Уезжая в дальний путь, даме могли поднести фарфорового
амура-кузнеца, кующего воедино два раскаленных сердца. Куда уж более прозрачная
и типичная для «галантного века» амурная аллегория!
Характерные подарки «в память даты» — две чашечки с
дарственными надписями. Обе — к первому дню рождения сына, наследника рода.
Надписи, красивой готической вязью, на немецком. Да и правда, истинно немецкой
чувствительностью конца XVIII века проникнуты тексты, обрамленные незабудками:
«В знак любви преподнесена эта красивая чашечка нашему любимцу. Да будет он
вечным источником радости для отца и счастья для матери». И другой текст:
«Сегодня у нас счастливый день. Нашему любимцу исполнился первый год жизни. Да
будет его жизнь долгой, а деяния добрыми».
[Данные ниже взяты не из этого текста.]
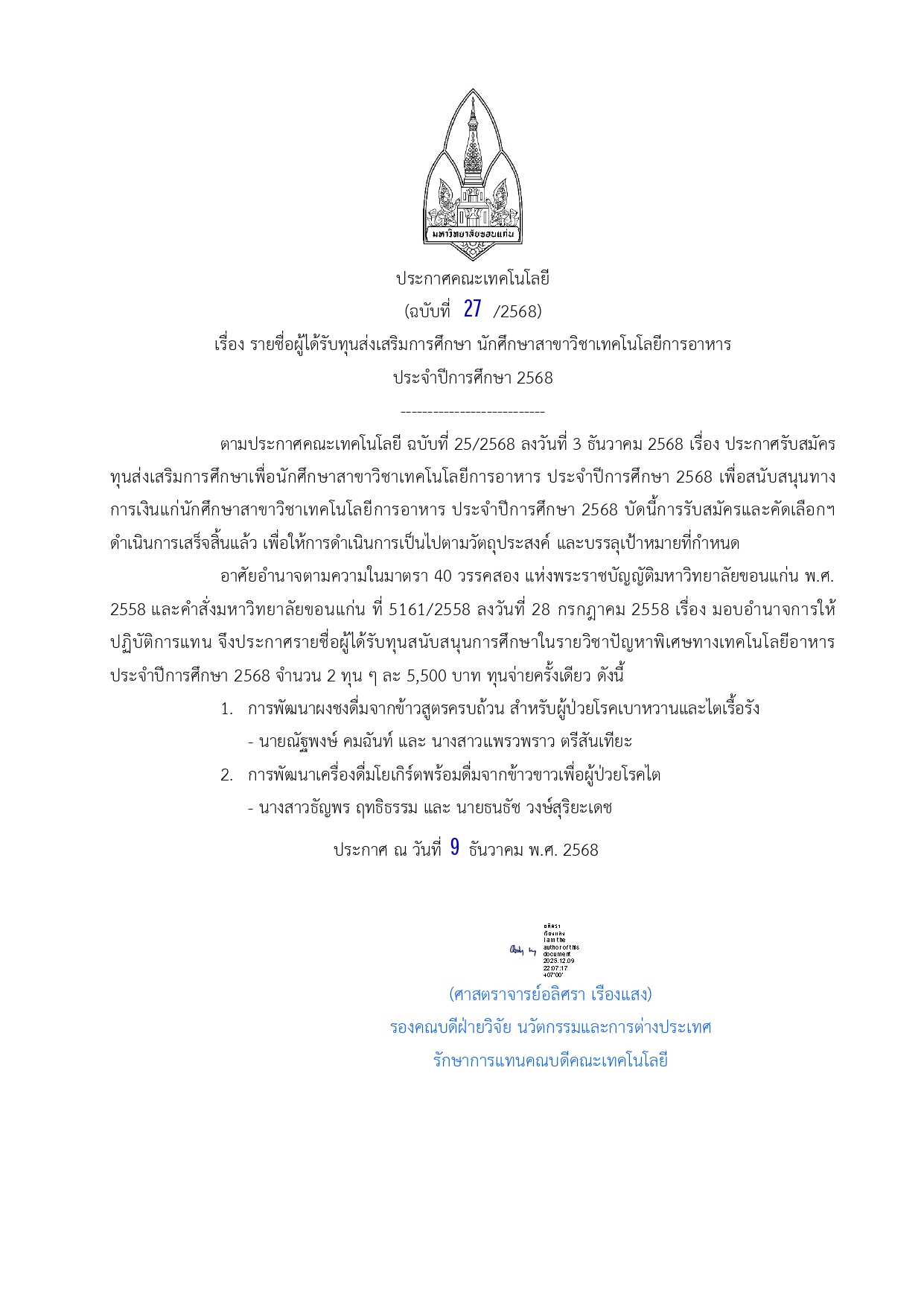 ประกาศรายชื่อผู้ได้รับทุนส่งเสริมการศึกษา นักศึกษาสาขาวิชาเทคโนโลยีการอาหาร ประจําปีการศึกษา 2568 28 January 202628 January 2026 Priyachart Srisuthom ข่าวทุนการศึกษา, ข่าวประชาสัมพันธ์ 24 Priyachart Srisuthom

Пожалуй, на этом и пора закончить разговор о багателях-подарках
XVIII века и перейти к веку XIX, имеющему свои особенности. Но прежде, — как не
напомнить еще раз, что все эти подарочные «никчемушки» вовсе не звались
сувенирами. И даже на то не претендовали. Ни одна из них не призывает крупным
текстом к доброй памяти, вечной памяти, к трепетной памяти. Напомнят багатели о
дарителе — хорошо, не напомнят — что поделаешь. Истинно «комбинированный» подход
к чувствам, вполне характерный для XVIII века. Очень сдержанный, очень холодный
век, лукаво прячущий свою рассудочность под видимым легкомыслием и видимой
занятостью сугубо любовными утехами!
Начало века XIX проходит под знаком метаний, странствий и
романтических бурь. Из дальних стран привозят диковинные атласно-розовые
раковины и водружают на видное место в гостиной. В семье, откуда наши раковины
попали к нам, было несколько неуемных путешественников. Один из них велел
изготовить для своей невесты подсвечник из раковины «Гульдфордия», которую
привез из Японии. Другая раковина «Мурекс» привезена была от берегов
Индонезии.
Из путешествий по Северным широтам привезен моржовый клык. Без
всякой обработки, просто клык. Местная диковина.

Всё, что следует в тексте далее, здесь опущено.